- _SOURCE RECORDS_
* * * * * * *

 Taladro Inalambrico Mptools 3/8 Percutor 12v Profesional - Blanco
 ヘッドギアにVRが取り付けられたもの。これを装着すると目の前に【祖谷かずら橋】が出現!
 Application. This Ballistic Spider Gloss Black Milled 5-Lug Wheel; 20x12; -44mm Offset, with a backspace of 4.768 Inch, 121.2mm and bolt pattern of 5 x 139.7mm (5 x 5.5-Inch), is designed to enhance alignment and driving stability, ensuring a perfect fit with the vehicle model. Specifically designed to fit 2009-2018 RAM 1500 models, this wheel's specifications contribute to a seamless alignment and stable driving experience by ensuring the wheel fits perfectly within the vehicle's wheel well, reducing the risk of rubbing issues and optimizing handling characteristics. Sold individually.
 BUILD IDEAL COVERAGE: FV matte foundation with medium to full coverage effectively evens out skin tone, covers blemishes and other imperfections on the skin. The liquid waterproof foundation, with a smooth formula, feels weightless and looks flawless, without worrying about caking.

* * * * * * *

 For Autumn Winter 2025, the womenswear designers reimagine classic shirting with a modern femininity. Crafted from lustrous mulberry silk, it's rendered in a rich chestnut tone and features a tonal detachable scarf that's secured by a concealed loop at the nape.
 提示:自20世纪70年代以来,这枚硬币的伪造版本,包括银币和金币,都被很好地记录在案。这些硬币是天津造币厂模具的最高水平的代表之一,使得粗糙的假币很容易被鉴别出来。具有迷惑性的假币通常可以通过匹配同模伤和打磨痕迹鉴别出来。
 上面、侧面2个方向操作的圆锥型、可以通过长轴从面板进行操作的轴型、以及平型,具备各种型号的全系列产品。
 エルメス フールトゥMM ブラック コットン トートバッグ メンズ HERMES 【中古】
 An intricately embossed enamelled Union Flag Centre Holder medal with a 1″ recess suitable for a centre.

* * * * * * *

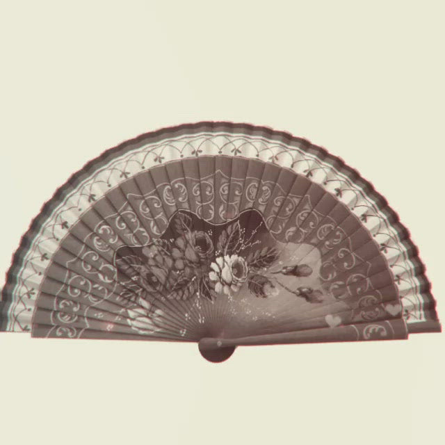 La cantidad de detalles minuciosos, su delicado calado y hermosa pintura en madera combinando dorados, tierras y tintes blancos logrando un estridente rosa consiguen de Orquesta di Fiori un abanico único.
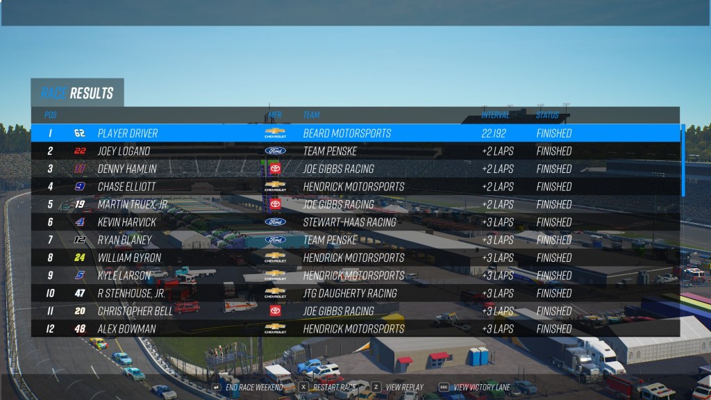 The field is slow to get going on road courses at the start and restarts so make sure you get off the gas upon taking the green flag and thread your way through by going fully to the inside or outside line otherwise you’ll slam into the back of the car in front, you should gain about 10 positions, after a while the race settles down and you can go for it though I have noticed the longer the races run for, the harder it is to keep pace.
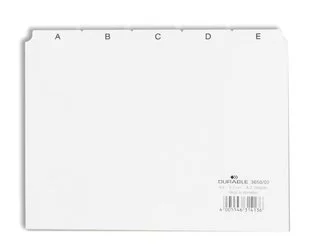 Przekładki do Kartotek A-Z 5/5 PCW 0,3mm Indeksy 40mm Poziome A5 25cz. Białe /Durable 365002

* * * * * * *

- _TASK DESCRIPTION_
Which lines above run from the one containing "提示:自20世纪70年代以来" to the one containing "An intricately embossed"? Give them again exactly, both ends included.

- _WRITTEN REPLY_
 提示:自20世纪70年代以来,这枚硬币的伪造版本,包括银币和金币,都被很好地记录在案。这些硬币是天津造币厂模具的最高水平的代表之一,使得粗糙的假币很容易被鉴别出来。具有迷惑性的假币通常可以通过匹配同模伤和打磨痕迹鉴别出来。
 上面、侧面2个方向操作的圆锥型、可以通过长轴从面板进行操作的轴型、以及平型,具备各种型号的全系列产品。
 エルメス フールトゥMM ブラック コットン トートバッグ メンズ HERMES 【中古】
 An intricately embossed enamelled Union Flag Centre Holder medal with a 1″ recess suitable for a centre.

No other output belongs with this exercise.